Sinister Magic: An Urban Fantasy Dragon Series (Death Before Dragons #1) - Lindsay Buroker Page 0,85

ahead, both powerful people and powerful artifacts, Sindari reported.

Ideally, we’ll avoid all of that and detour to the alchemy lab. I led the way through a second hatchway, and then things got complicated. A four-way intersection offered three options. Any idea which way? Can you smell chemicals?

Wouldn’t chemicals be locked away in containers?

I don’t know, but isn’t your sense of smell amazing?

All of me is amazing. But I still don’t smell chemicals.

What about blood? She’s mixing blood and charcoal for some ceremony to welcome new evil minions into the cult. I was fairly certain the names the speaker had mentioned were the same names Zav had shared, the criminals he wanted me to retrieve along with his broken-egg platter. Later, I’d happily let him know they were down here, but I was just here for blood. There would be no side trips to run errands for dragons.

An inner emotion that didn’t seem to be my own oozed disapproval at this line of thinking. I gritted my teeth, annoyed that Zav had imprinted some compulsion on me, that stupid eagerness to please him.

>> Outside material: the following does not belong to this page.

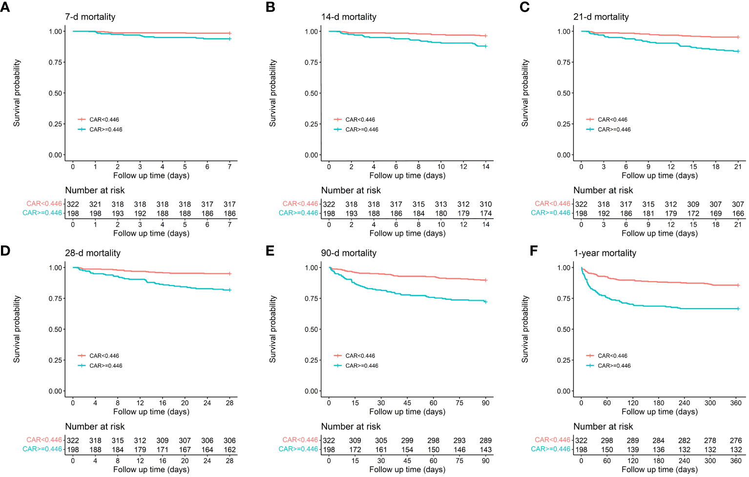 Ultimately, 520 patients with AP receiving treatment in the ICU were included in this study (Figure 1). Notably, 231 (44.4%) were women, and 289 were men (55.6%). Using X-tile software, the best CAR cutoff was determined based on whether the patient died on day 28 following admission. The results showed that 0.446 was the ideal CAR threshold (Figure 2). The study population was divided into two groups: those with a low CAR (<0.446) and those with a high CAR (≥ 0.446) and those with the high CAR group had lower mean arterial pressure, systolic and diastolic blood pressure, and body temperature, and greater rates of vasopressin and continuous renal replacement therapy. In addition, patients with a combination of AKI, sepsis, and respiratory failure (RF) were more likely to be in the high CAR group. Among the laboratory markers, patients in the high CAR group had elevated levels of lactate, anion gap, serum potassium, international normalized ratio, blood urea nitrogen, prothrombin time, and creatinine. Subsequent research revealed a greater risk of poor prognosis for patients in the high CAR group. They had higher ICU mortality (4.0% vs. 13.1%, P < 0.001), hospitalization mortality (6.2% vs. 19.2%, P < 0.001), 7-d mortality (1.6% vs. 6.1%, P = 0.011), 14-d mortality (3.7% vs. 12.1%, P < 0.001), 21-d mortality (4.7% vs. 16.2%, P < 0.001), 28-d mortality (5.0% vs. 18.2%, P < 0.001), 90-d mortality (10.2% vs. 27.8%, P < 0.001) and 1-y mortality (14.3% vs. 33.3%, P < 0.001). Furthermore, the high CAR group had longer ICU hospitalizations [(3.18 (1.86, 6.66) vs. 5.84 (2.37, 13.16), P < 0.001)] and longer hospital stays overall [11.33 (6.96, 21.34) vs. 16.71 (9.90, 28.76), P < 0.001)]. The detailed results are presented in Table 2.

I smell much blood. Sindari twitched his tail.

Can you lead me to it?

I shall try.

It was a testament to how strange my life was that I wanted to be taken toward the copious amounts of blood and not away from them.

Sindari headed right, took a left at another intersection, and then opted for a sloping ramp heading upward instead of stairs leading deeper underground where a moist mildewy odor wafted up from below. The idea of this place having multiple levels daunted me. Seattle was at sea level, so it was hard to imagine that the dark elves could have dug many extra tunnels down here without water creeping in.

My lungs did not like that mildew scent, so I took a puff from my inhaler. Better to use it preemptively now than need it in a fight later.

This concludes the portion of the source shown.